Figure 2. The Modern Web App pattern architecture with second region and hub-and-spoke network topology.
Decouple architecture
To implement the Modern Web App pattern, you need to decouple the existing web app architecture. Decoupling the architecture involves breaking down a monolithic application into smaller, independent services, each responsible for a specific feature or functionality. This process entails evaluating the current web app, modifying the architecture, and finally, extracting the web app code to a container platform. The goal is to systematically identify and extract application services that benefit most from being decoupled. To decouple your architecture, follow these recommendations:
Identify service boundaries. Apply domain-driven design principles to identify bounded contexts within your monolithic application. Each bounded context represents a logical boundary and can be a candidate for a separate service. Services that represent distinct business functions and have fewer dependencies are good candidates for decoupling.

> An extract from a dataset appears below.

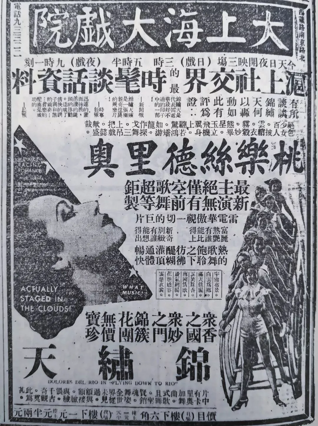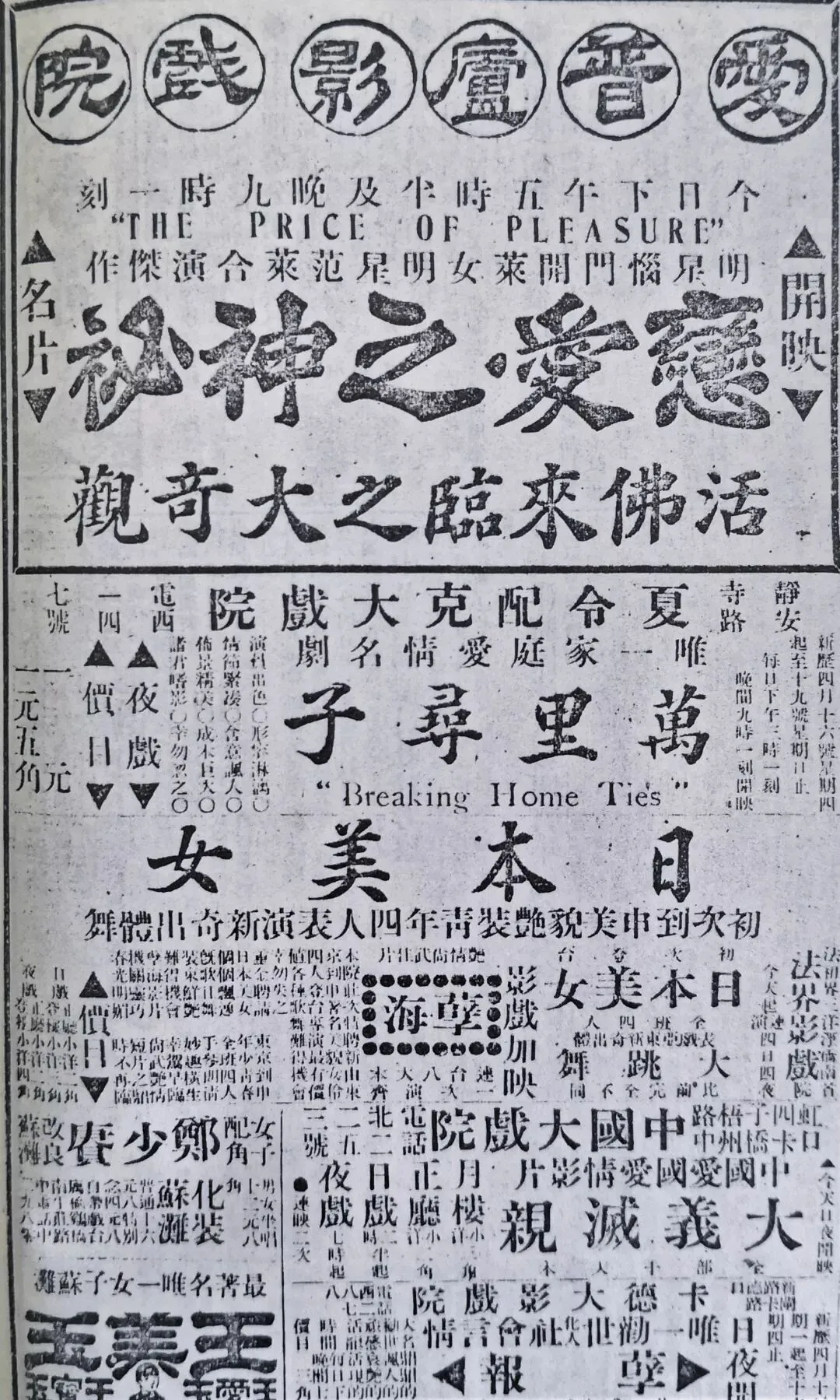 1931年1月1日刊登的中国搬家公司广告,每个小时4元,另配搬夫4人。福特敞篷车1926年4月7日的广告标语:“乘坐车中,左顾右盼,随心所欲,如游览风景,吸新空气,夏日纳凉,月夜作乐”。1924年4月16日,《申报》上出现的《恋爱之神秘——活佛来临之大奇观》,下面的“日本美女”吸引眼球。1934年3月11日,桃乐丝·德里奥主演电影被包装成“沪上社交界的最时髦谈话资料”,据称其“最新主演绝无仅有,空前歌舞超等巨制”,是“傲视一切的巨片”。1937年6月19日,“舆论基于最高评价,卖座拥挤不衰”的噱头,大概可以与今天的豆瓣9.0媲美。1937年6月19日,大东跳舞厅“这环境这情调真够沉醉!舞侣是这么娇滴滴,地板是这么滑溜溜,广寒仙宫也不过如此!”1931年1月31日,柯达家庭电影镜箱广告呈现的美好图景。
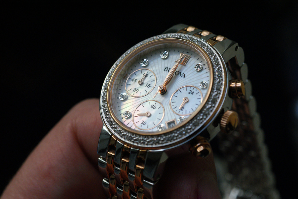 ЖЕНСКИЕ ЧАСЫ BULOVA 34 БРИЛЛИАНТА,ПОЗОЛОТА, БРАСЛЕТ, ХРОНОГРАФ, ПЕРЛАМУТРОВЫЙ ЦИФЕР ПОДАРОК ЛЮБИМОЙ

Evaluate service benefits. Focus on services that benefit most from independent scaling. Decoupling these services and converting processing tasks from synchronous to asynchronous operations enables more efficient resource management, supports independent deployments, and reduces the risk of impacting other parts of the application during updates or changes. For example, you can separate the order checkout from order processing.
Assess technical feasibility. Examine the current architecture to identify technical constraints and dependencies that might affect the decoupling process. Plan how data is managed and shared across services. Decoupled services should manage their own data and minimize direct database access across service boundaries.

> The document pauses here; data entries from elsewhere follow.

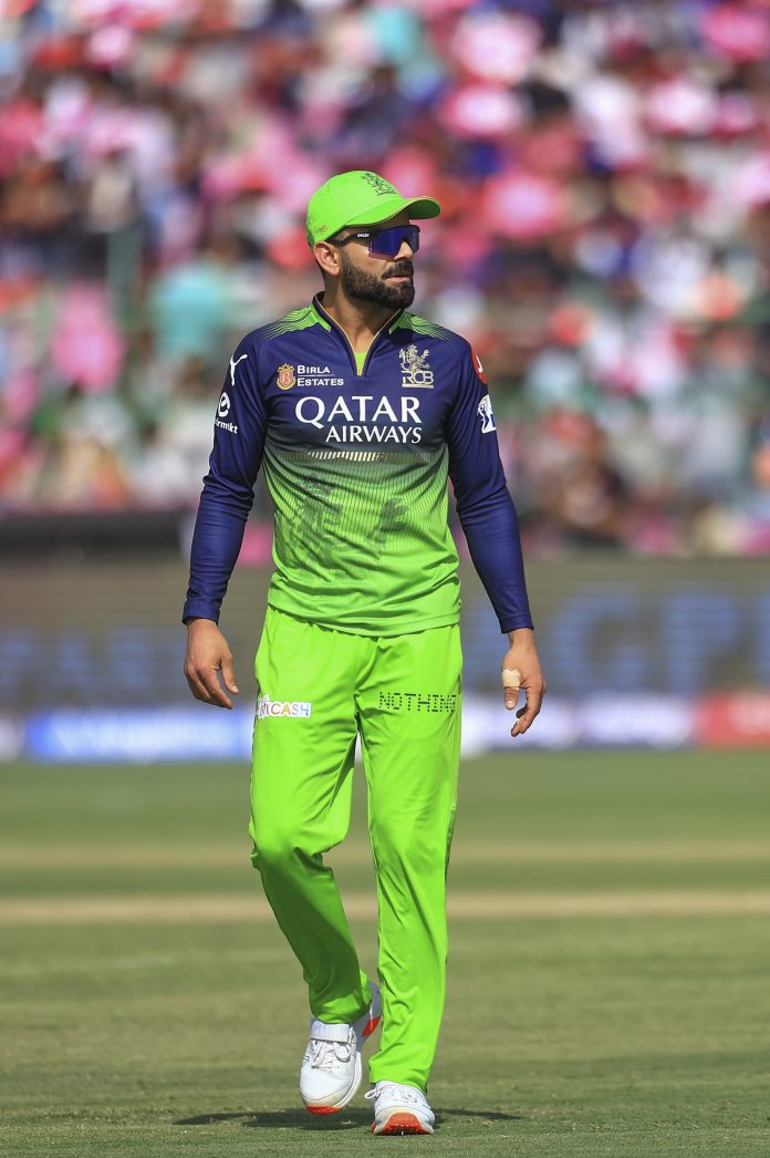 Jaipur: Royal Challengers Bengaluru’s Virat Kohli during the Indian Premier League (IPL) 2025 cricket match between Rajasthan Royals and Royal Challengers Bengaluru, at Sawai Mansingh Stadium, in Jaipur, Sunday, April 13, 2025. (PTI Photo)(PTI04_13_2025_000193B)
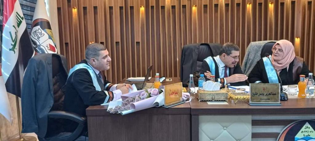 السيدة عميد الكلية عضو لجنة مناقشة أطروحة دكتوراه في كلية التربية للعلوم الصرفة/قسم علوم الحياة…شاركت السيدة عميد كلية علوم البيئة وتقاناتها الاستاذ المساعد الدكتورة يسرى مجيد الشاكر في عضوية لجنة مناقشة اطروحة الدكتوراه في كلية التربية للعلوم الصرفة للطالب محمود فائز محمد في قسم علوم الحياة بعنوان “الواقع البيئي لوادي الدانفيلي وتأثيراته البيئية على نهر دجلة باستخدام الموديلات الرياضية في مدينة الموصل” وذلك يوم الاربعاء المصادف 8 شباط 2023.اجريت الدراسة في مختبرات وحدة البحوث التابعة لكلية التربية للعلوم الصرفة/ جامعة الموصل, و هدفت الى تقييم الواقع البيئي لوادي الدانفيلي وتأثيراته البيئية على نهر دجلة باستخدام الموديلات الرياضية في مدينة الموصل.تراس لجنة المناقشة الاستاذ الدكتور محمد سعيد فيصل وعضوية كل من الاستاذ الدكتور حسن صابر محمد, الاستاذ المساعد الدكتور دلشاد كنجو احمد من جامعة صلاح الدين –اربيل /كلية العلوم, والاستاذ المساعد الدكتور عبدالمنعم محمد علي كنه من كلية العلوم وبإشراف وعضوية الاستاذ الدكتور عبد العزيز يونس طليع.شعبة الاعلام والعلاقات العامة
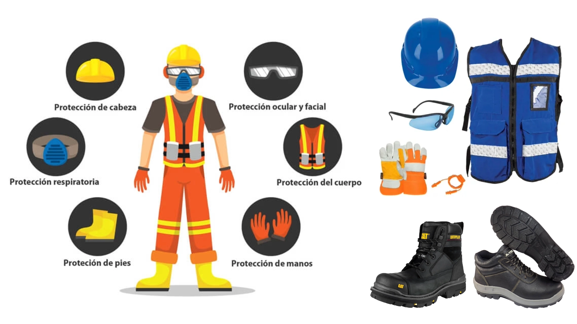 Zapatos de seguridad, casco, chaleco, tapaoidos y lentes.

Deploy Azure services. Select and deploy the Azure services you need to support the web app service you intended to extract. Use the following Select the right Azure services section for guidance.

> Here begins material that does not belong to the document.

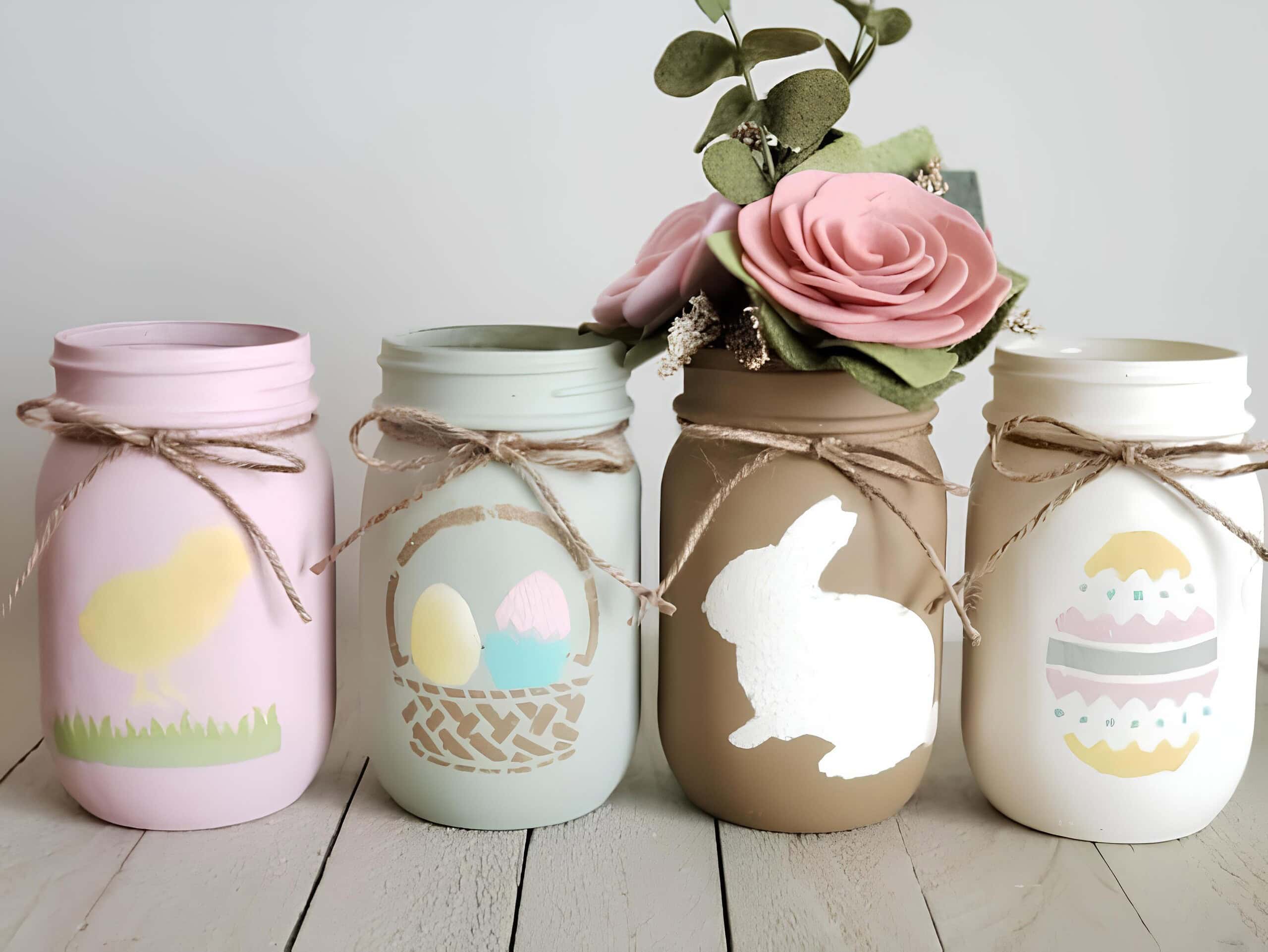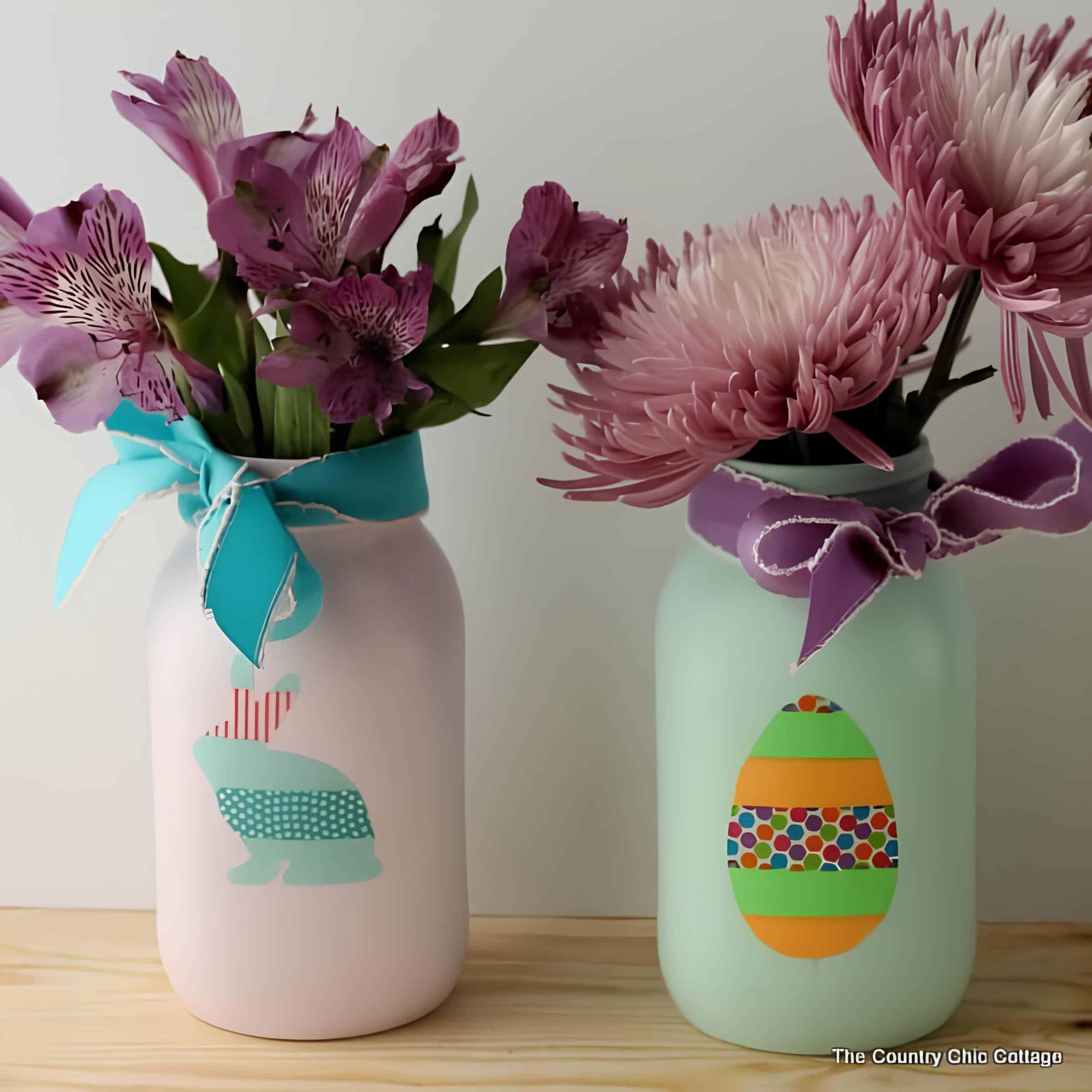 Colorful Easter Mason Jar Vases with Bunny and Egg Designs

Decouple web app services. Define clear interfaces and APIs for the newly extracted web app services to interact with other parts of the system. Design a data-management strategy that allows each service to manage its own data while ensuring consistency and integrity. For specific implementation strategies and design patterns to use during this extraction process, refer to the Code guidance section.
Use independent storage for decoupled services. Each decoupled service should have its own isolated data store to facilitate independent versioning, deployment, scalability, and maintain data integrity. For example, the reference implementation separates the ticket-rendering service from the web API and eliminates the need for the service to access the API's database. Instead, the service communicates the URL where ticket images were generated back to the web API via an Azure Service Bus message, and the API persists the path to its database.
Implement separate deployment pipelines for each decoupled service. Separate deployment pipelines allow each service to be updated at its own pace. If different teams or organizations within your company own different services, having separate deployment pipelines gives each team control over their own deployments. Use continuous integration and continuous delivery (CI/CD) tools like Jenkins, GitHub Actions, or Azure Pipelines to set up these pipelines.
Revise security controls. Ensure that your security controls are updated to account for the new architecture, including firewall rules and access controls.
Select the right Azure services
For each Azure service in your architecture, consult the relevant Azure service guide in the Well-Architected Framework. For the Modern Web App pattern, you need a messaging system to support asynchronous messaging, an application platform that supports containerization, and a container image repository.
Choose a message queue. A message queue is an important piece of service-oriented architectures. It decouples message senders and receivers to enable asynchronous messaging. Use the guidance on choosing an Azure messaging service to pick an Azure messaging system that supports your design needs. Azure has three messaging services: Azure Event Grid, Azure Event Hubs, and Service Bus. Start with Service Bus as the default choice, and use the other two options if Service Bus doesn't meet your needs.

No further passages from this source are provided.